It has only been a few months since Apple lost a patent suit to VirnetX, a publicly traded IP company. Apple's loss had to do with a very broad patent that the court decided covered FaceTime, Apple's Skype service. Apple's loss cost them $368 million. VirnetX was not so lucky this week, as they lost their case against Cisco, which would have earned them $258 million in damages.
After a hung jury and the judge encouraging continued deliberation, the jury decided against VirnetX and their equally broad Virtual Private Networking patent. Their stock price has fallen massively on the heels of the loss, dropping 40 percent, seemingly all at once. While patent trolling can be incredibly lucrative business, it requires confidence to continue suing and hoping for settlements.
Microsoft settled with VirnetX in 2010, becoming the company's first official licensee. Patent trolls always hope that a company will not fight and will, instead, settle and agree to royalty payments for the technology in question. While Intellectual Property is an important aspect of engineering, patent trolls like VirnetX rely on early, incredibly vague patents, usually involving Internet or communication patents, like the ones in question here and with Apple.

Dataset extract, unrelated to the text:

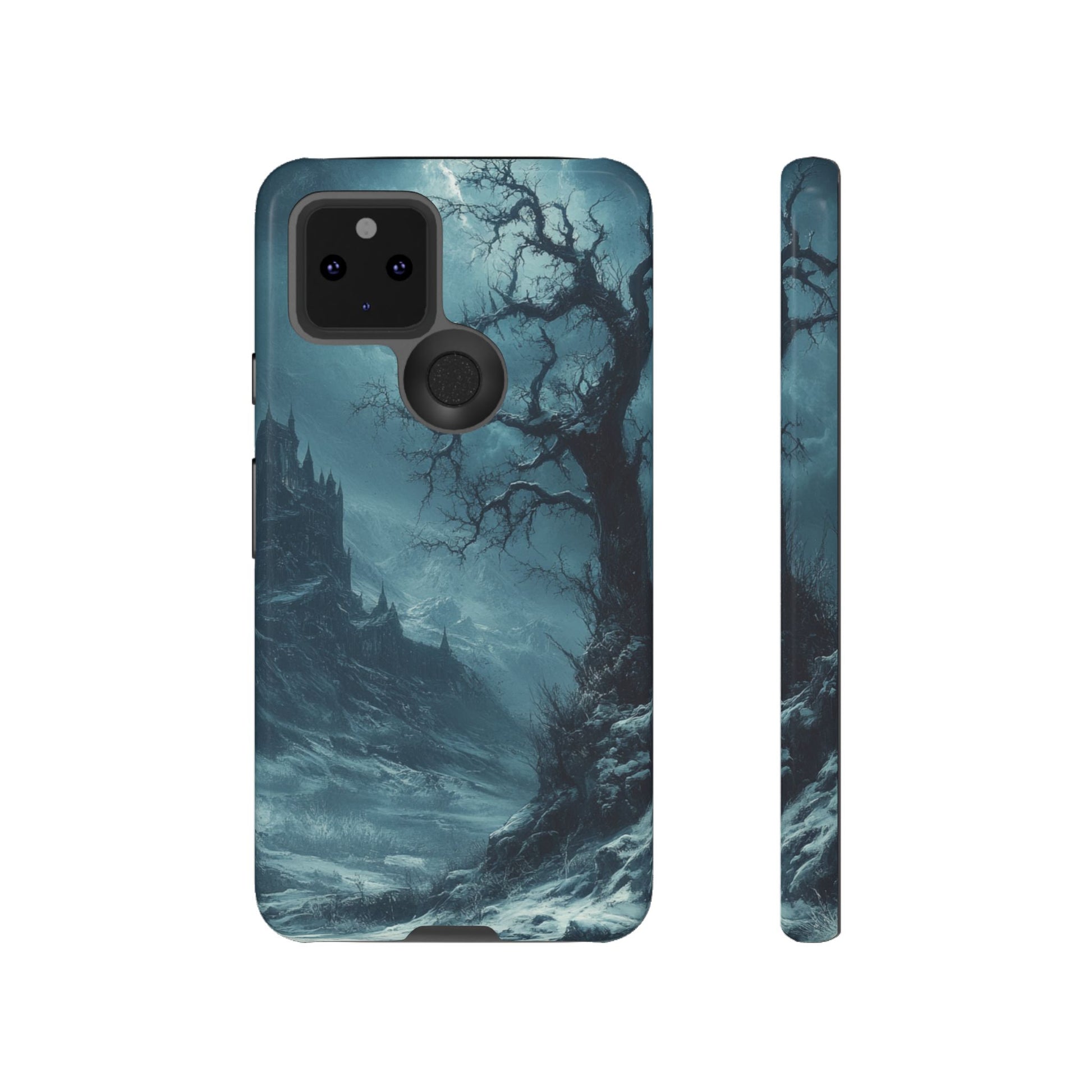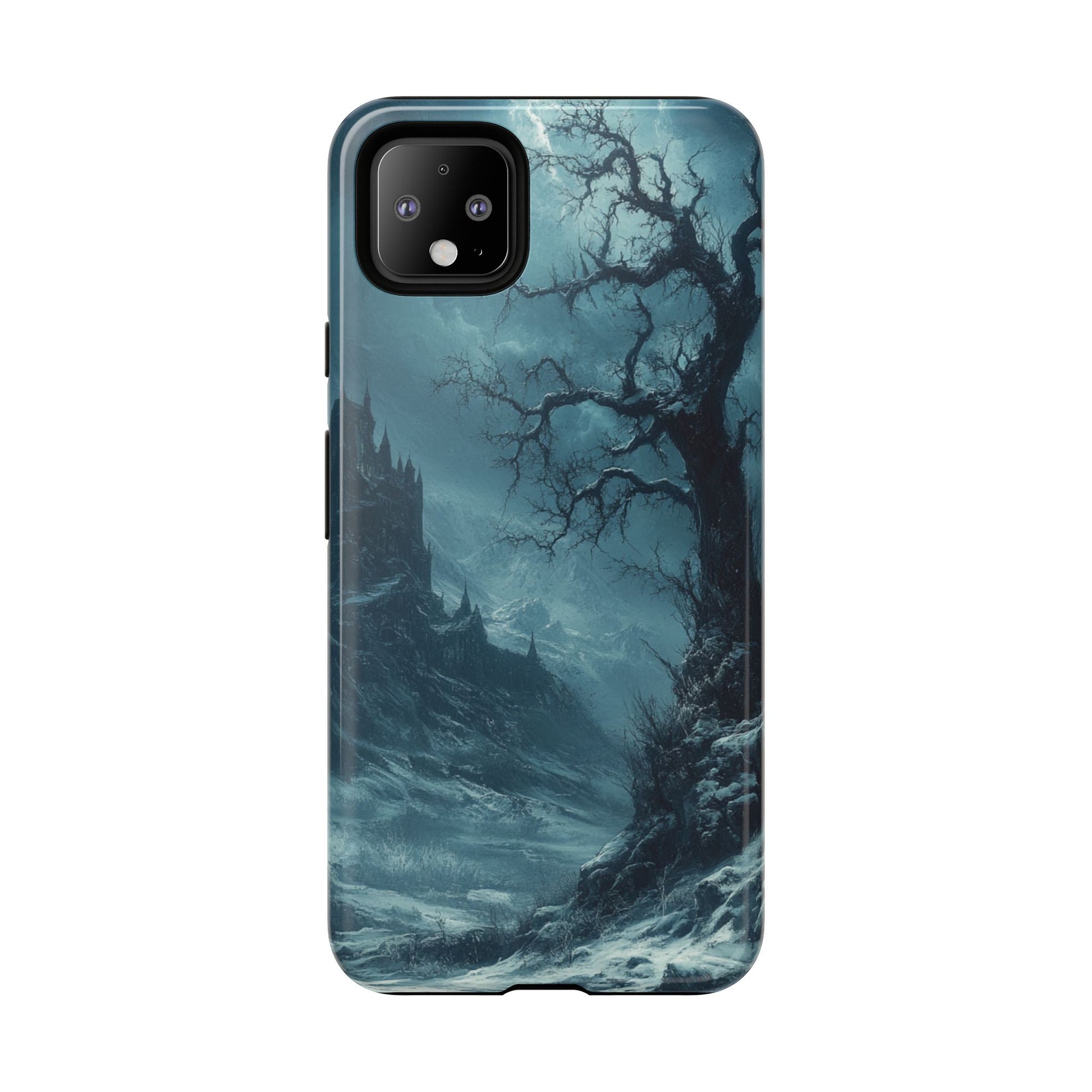 Witness the dramatic power of nature with our captivating Stormy Castle Google Pixel case. This striking design captures a foreboding medieval castle silhouetted against a turbulent sky filled with storm clouds and ethereal light. A gnarled, ancient tree dominates the foreground, its twisted branches reaching toward the tempestuous heavens like weathered fingers telling tales of countless storms. The moody blue-gray palette creates an atmosphere of mystery and drama, while shafts of celestial light pierce through the brooding clouds, illuminating the castle's imposing spires in the distance. The rocky, windswept landscape and rushing waters add to the scene's wild energy, evoking the untamed beauty of medieval times when castles stood as bastions against both human enemies and nature's fury. Every element contributes to the gothic romance of this atmospheric composition - from the castle's distant majesty to the tree's resilient endurance. Perfect for lovers of medieval history, gothic architecture enthusiasts, dark fantasy fans, or anyone drawn to dramatic landscapes that capture the eternal struggle between civilization and the raw power of nature.

If the patent is vague enough, it can theoretically cover anything. For example, Yahoo's patent case against Facebook included a patent which read "Control for enabling a user to preview display of selected content based on another user's authorization level." It would certainly appear that Yahoo has a patent for the Web, based on that text.
The other side of vagueness is that it is easy for a patent to be dismissed. That is, likely, what will end up being the case for VirnetX in this case. Any licensing they have received may have to be returned, and no future licensing can take place if there is no valid patent. Obviously, having the patent invalidated would be a huge hit to the company, explaining the MASSIVE stock price drop.
With time, most of these vague patents will get closed up, but it certainly makes the current legal landscape a bit of a minefield.